Opened 3 years ago
Last modified 3 years ago
#52865 new enhancement
Strip 'enclosed' trailing spaces in URLs
Reported by: | jonoaldersonwp | Owned by: | |
---|---|---|---|
Milestone: | Awaiting Review | Priority: | low |
Severity: | normal | Version: | |
Component: | Canonical | Keywords: | seo |
Focuses: | performance | Cc: |
Description (last modified by )
#20383 made improvements that strip trailing punctuation from URLs. E.g., https://ma.tt/2012/03/productivity-per-square-inch%20 redirects correctly to the canonical URL.
However, URLs like https://ma.tt/2012/03/productivity-per-square-inch%20/ (which 'enclose' the trailing space with a trailing slash) are not redirected. It, and others like it, typically return a 404 error.
This kind of 'broken link' pattern is extremely common on the web; particular as a trailing slash is often appended to a malformed URL before WP runs (e.g., via a server/htaccess/nginx configuration).

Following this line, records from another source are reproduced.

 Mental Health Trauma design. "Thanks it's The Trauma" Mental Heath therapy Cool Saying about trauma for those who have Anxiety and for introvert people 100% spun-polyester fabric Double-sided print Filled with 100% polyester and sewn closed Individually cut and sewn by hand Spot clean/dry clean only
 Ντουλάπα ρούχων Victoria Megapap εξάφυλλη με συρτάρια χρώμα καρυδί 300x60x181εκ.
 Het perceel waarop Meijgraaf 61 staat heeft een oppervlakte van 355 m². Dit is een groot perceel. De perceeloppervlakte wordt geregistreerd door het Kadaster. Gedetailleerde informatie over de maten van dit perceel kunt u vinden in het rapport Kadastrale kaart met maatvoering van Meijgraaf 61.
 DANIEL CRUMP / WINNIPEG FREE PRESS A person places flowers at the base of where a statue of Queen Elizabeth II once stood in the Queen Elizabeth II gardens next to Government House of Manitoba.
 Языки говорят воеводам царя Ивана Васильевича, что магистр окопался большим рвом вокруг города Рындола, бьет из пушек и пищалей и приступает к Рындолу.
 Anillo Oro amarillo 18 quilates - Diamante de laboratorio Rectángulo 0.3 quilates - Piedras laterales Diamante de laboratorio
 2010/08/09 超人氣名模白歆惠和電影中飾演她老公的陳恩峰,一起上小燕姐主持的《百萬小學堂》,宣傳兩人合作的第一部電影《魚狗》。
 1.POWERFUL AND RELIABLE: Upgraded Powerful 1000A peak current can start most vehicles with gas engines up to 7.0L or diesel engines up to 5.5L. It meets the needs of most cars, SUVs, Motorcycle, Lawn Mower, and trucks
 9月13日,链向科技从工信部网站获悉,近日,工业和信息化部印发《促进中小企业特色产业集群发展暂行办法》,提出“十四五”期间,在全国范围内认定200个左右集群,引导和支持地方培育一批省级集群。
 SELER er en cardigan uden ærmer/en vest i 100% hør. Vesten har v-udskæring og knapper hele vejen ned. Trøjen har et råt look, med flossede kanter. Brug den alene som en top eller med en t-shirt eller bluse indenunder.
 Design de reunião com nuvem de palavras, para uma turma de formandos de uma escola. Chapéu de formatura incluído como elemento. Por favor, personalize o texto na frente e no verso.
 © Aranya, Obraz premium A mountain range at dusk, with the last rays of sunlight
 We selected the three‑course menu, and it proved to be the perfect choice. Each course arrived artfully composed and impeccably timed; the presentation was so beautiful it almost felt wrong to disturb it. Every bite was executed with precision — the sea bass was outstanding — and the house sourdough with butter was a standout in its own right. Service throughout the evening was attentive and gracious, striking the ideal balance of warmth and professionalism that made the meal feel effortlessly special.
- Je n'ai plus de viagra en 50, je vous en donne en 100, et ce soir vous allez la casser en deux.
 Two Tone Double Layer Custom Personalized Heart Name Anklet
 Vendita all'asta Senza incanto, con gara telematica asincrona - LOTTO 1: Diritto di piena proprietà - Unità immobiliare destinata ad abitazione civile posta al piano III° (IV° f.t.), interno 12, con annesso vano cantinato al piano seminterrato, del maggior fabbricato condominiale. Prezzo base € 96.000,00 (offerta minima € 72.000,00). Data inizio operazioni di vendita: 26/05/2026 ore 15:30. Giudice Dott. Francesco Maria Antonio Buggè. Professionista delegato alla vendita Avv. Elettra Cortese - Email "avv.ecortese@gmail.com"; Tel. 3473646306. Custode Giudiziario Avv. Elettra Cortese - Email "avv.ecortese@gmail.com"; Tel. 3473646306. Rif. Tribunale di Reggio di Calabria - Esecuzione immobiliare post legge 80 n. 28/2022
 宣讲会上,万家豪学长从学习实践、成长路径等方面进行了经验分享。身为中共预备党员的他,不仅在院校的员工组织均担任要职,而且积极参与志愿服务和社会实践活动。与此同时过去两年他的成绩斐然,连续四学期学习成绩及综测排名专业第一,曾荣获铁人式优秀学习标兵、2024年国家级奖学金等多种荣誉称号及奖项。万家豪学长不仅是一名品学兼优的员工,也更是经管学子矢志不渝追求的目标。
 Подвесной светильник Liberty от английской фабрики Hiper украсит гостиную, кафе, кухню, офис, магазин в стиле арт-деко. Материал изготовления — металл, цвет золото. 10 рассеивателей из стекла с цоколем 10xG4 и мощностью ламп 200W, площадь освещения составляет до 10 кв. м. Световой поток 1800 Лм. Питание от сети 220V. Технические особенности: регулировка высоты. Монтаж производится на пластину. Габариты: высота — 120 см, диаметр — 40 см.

We should refine the canonical redirect logic (in redirect_canonical
) to also consider and redirect these types of requests.
Considerations
- The "Remove trailing spaces and end punctuation from the path" section of
redirect_canonical
doesn't consider the presence of trailing slashes in the URL. This could/should be adapted to catch those.
- There might be cases where a user 'legitimately' has a permalink structure (or slug) that ends in
%20
or%20/
. That might(?) make a fix more complicated than just sniffing for whether the permalink structure ends with/
.
- It looks like it's inconsistent in WP where
%20
(and/or%20/
) can be added to slugs or structures. It's stripped in some places, but not in others.
- Should a permalink or slug be 'allowed' to contain, or end in, a space character? If this is being stripped in some parts of WP, maybe that's a good argument to prevent it elsewhere/everywhere. In which case, fixing this becomes a lot simpler.